The last two contributions that Sir David Amess made in the Commons were to call for a debate on animal welfare and to express disappointment that he had not been asked in the reshuffle to become minister for granting city status to Southend. They were two subjects close to his heart, which he seldom missed an opportunity to raise.
'I do not think that my honourable friend has asked me a single question in the House that has not mentioned Southend becoming a city,' remarked Theresa May on the seventh occasion, out of eight in all, when Sir David bounced to his feet in PMQs, gave his usual hopeful smile like a puppy begging for a biscuit and pleaded with her to make his dreams come true.
Perhaps the oddest request came in March 2018, when he rose just before Mrs May was to give a statement on rapidly deteriorating relations with Russia after the poisonings in Salisbury and asked if the prime minister was aware — how could she not be? — that a charity in his constituency had just set a world record for ringing the highest number of triangles. 'This is yet another reason why Southend should be made a city,' he observed. As I wrote in my Times sketch that day: 'This is the way the world ends. Not with a bang but a tinkle.'
'Yet another reason' was a familiar refrain.
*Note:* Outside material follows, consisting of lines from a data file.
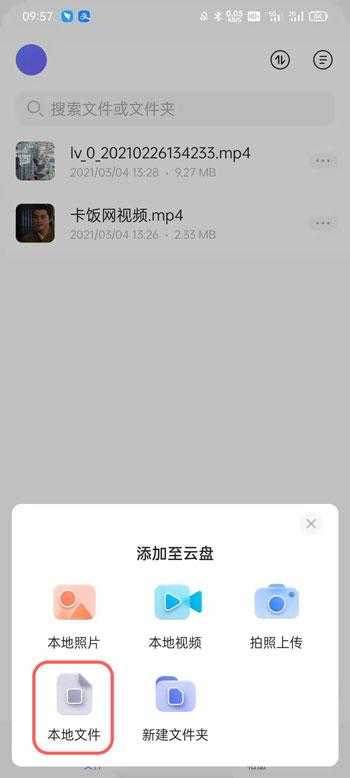 2、选择【本地文件】,将本地文件上传到阿里云盘;
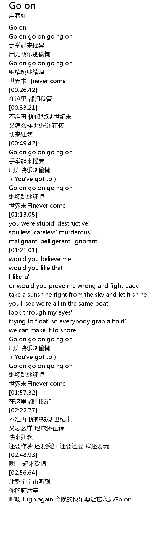 | [00:53.12] | Go on go on going on |
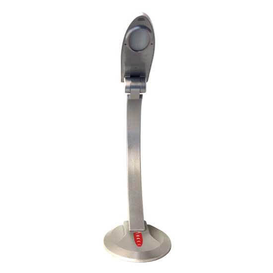 This desk lamp boasts a cool and fashionable design in a compact size. It features a streamlined structure with a round base and a silvery finish. With an eye-protective LED light source, this desk surely is a great light choice for your workplace.
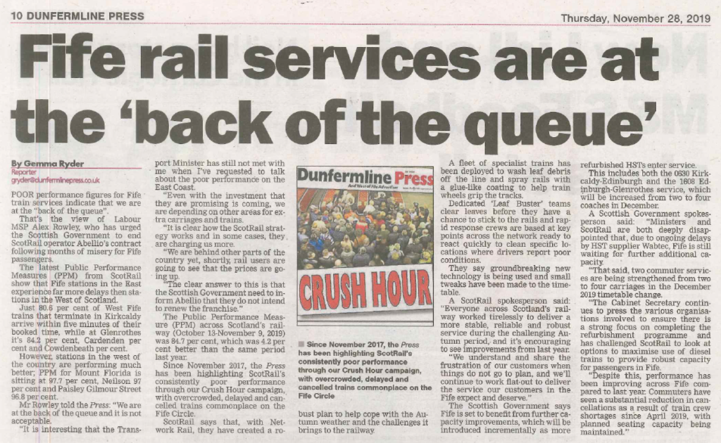 28 NOV Dunfermline Press 28.11.19 - Fife Rail Services Post Author: Alex Rowley http://www.alexrowley.org/about/

A rummage through Hansard finds the claim that 'Leigh fishermen catch the finest fish in the world'; Southend being a regional winner in the Tiffin Cup for South Asian restaurants; rough sleeping in the borough falling by 85 per cent; schoolchildren making 7,500 ceramic poppies; its record number of centenarians; and Sir Michael Parkinson opening an extension to Southend’s jazz centre all given as yet another reason why its civic status deserved an upgrade.
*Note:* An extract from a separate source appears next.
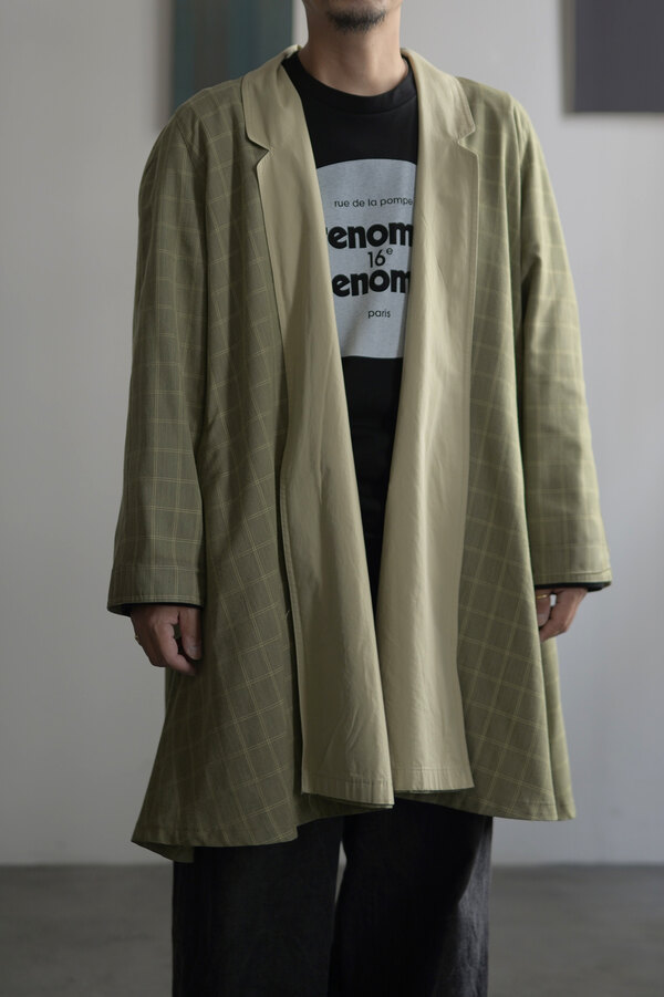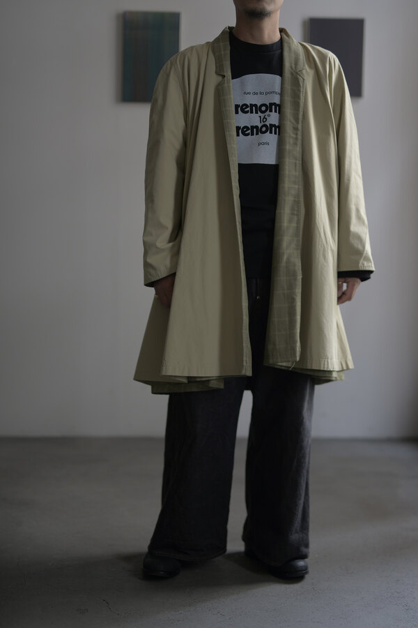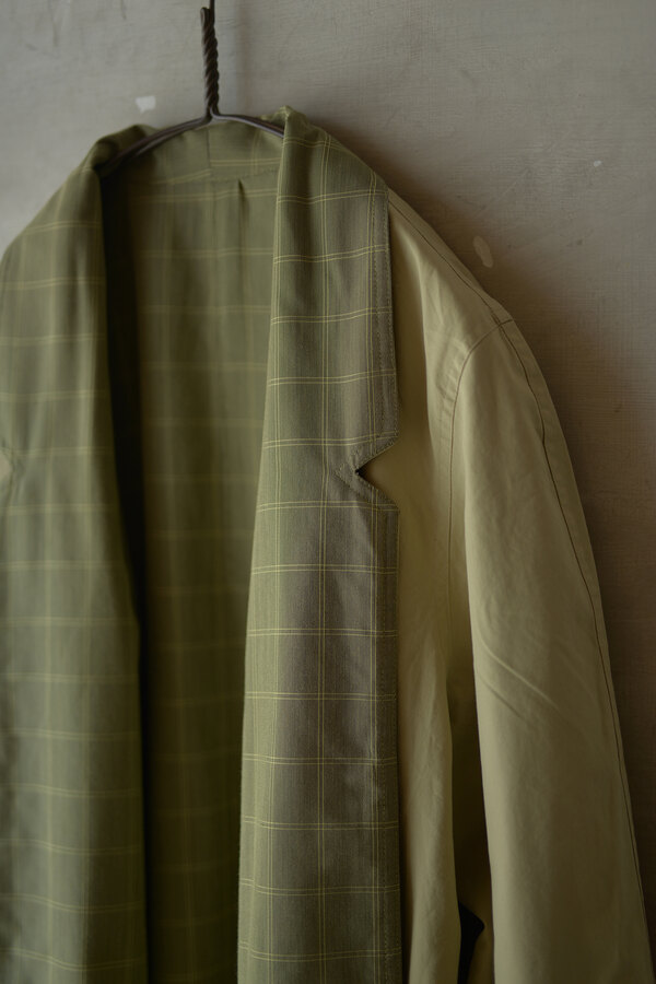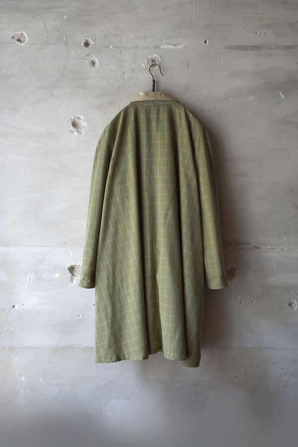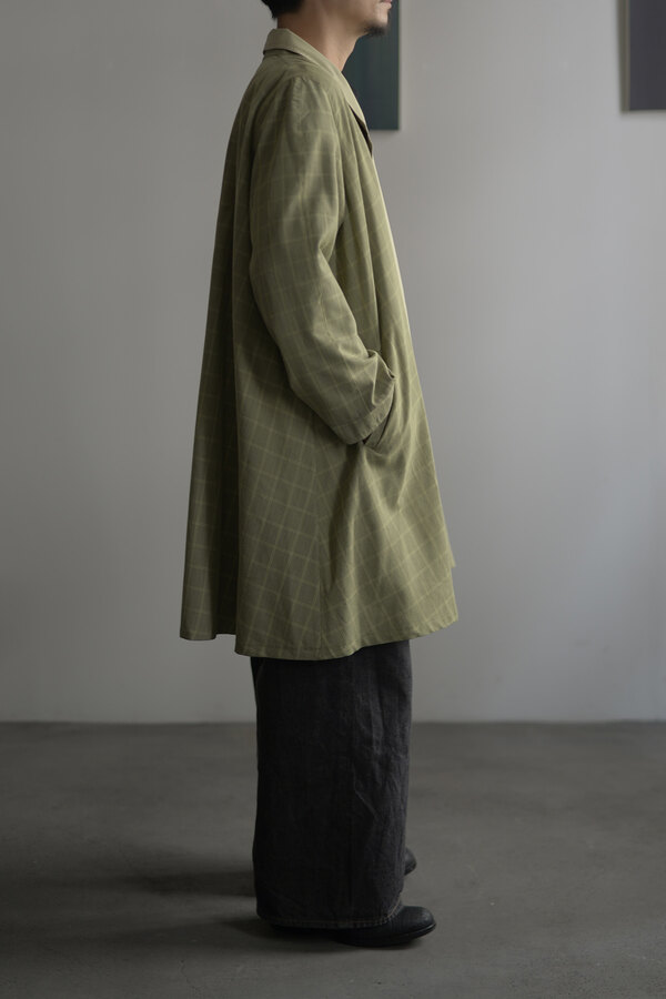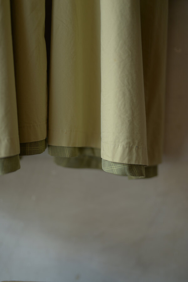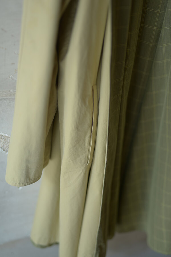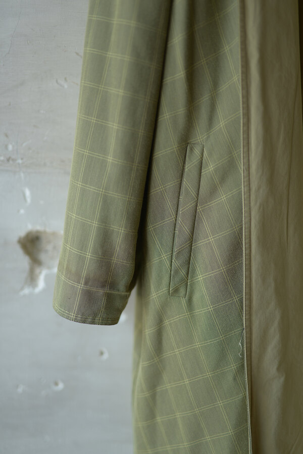 1980年代ー90年代のイタリアのダブルフェイスコート。 大胆なAラインシルエットのパターンで、着た際の緩やかで美しいドレープが特徴的。テー ラー顔負けの美しい仕立てで独特の肩つけが丸みのある肩線、現代性を生んでいます。”胸の大きなシミは美しいものではありませんが、前着用者のトラブル、ちょっとした物語性を想像できる面白いフックになる可能性を考慮したご提案です。”と伝えられた。時々シミや傷など本来では良しとしないものが時に何かを考えさせられたり、柄に見えたり、これもよいのではないか?と思えてくる不思議なものがある。そういう提案の仕方が凝り固まってしまった思想をぐにゃぐにゃに緩めてくれるのがLILY1ST VINTAGEだなと思う。無地を前にした時に裾から見えるチェックがとても綺麗で好きな箇所です。今きている上からパサっと羽織る。冬はセーターにストールなどで色合わせを楽しめる1着です。

After Sir David was murdered, parliamentarians including Mr Speaker and the Home Secretary said there would be no better tribute than to make Southend a city for the Queen’s platinum jubilee next year, while Boris Johnson had apparently already promised Sir David that he would deliver it within days of him becoming prime minister in 2019 and we know how he keeps his word.
Technically, of course, the decision belongs to Her Majesty and she may already be familiar with the jewel of the Essex coast to judge by Sir David’s comments on her 90th birthday. 'Her eyes glazed over,' he told MPs, 'as I went on and on'. This was after she had asked him about the changes he had seen in parliament but it would have been out of character for him not to slip in a mention of the world’s longest pier or that Dame Helen Mirren, who has so often stood in for the Queen, had gone to school in Southend.
It is wrongly believed that a city must have a cathedral: 14 of the 57 cities in England and Wales do not. There are also seven cities in Scotland and five in Northern Ireland. Nor does having a cathedral make you a city. St Albans may have had an instant elevation on becoming a new diocese in 1877, despite one civil servant writing on the file that it was 'only a fourth or fifth-rate market town', but there are six cathedrals in towns: Blackburn, Brecon, Bury St Edmunds, Guildford, Southwell and Rochester, the last having its status downgraded after 787 years as a city in 1998 after a local government reorganisation.
The main criteria now are that a city must be of a decent size, have a well-defined character that makes it the centre of a wider area and a good record of local government. Taking into account the sprawl of the Southend area, spilling into Rochford and Castle Point, the town’s population of 185,000 becomes almost 300,000, placing it fifth behind Bournemouth, Middlesbrough, Birkenhead and Reading in the list of urban areas that aren’t cities.
Eleven cities have been created since 2000 to mark the new millennium and the Queen’s golden and diamond jubilees. It was after Wolverhampton, Inverness and Brighton and Hove were rewarded 21 years ago that Sir David began his campaign, first raising his hopes that Southend’s turn would come next just before the Christmas recess. It then became his theme song.
Sir David even secured two half-hour adjournment debates on the matter. For the first, in 2011, he explained that when he grew up in the East End summer trips to Southend, with its amusement arcades and cockles and shrimps, were a heavenly treat. When the Queen favoured Chelmsford, just 20 miles away, for an upgrade in 2012, he wailed to the Leader of the House: 'We were robbed'.
For a spell, Sir David focused instead on getting Southend named as the city of culture for 2017. When that was awarded instead to Hull, he constantly referred to his town as being 'the alternative city of culture'.
Having been promised by Johnson that his wish will finally come true, Sir David had been campaigning with new vigour, inviting ambassadors to come crabbing. Taiwan, Qatar and the Philippines took the bait, with India and Germany reportedly keen. 'They all arrive in Southend and just cannot understand why we are not a city,' Sir David lamented to minister after minister at question time.
James Brokenshire, whose own recent untimely death will also be marked by tributes in the Commons this week, sounded the most enthusiastic. 'I am not unsympathetic given that it is my birthplace,' the then housing secretary told him in 2019. 'I commend the work that he is doing.' If sentimentality has its way, that vote of support should end the matter.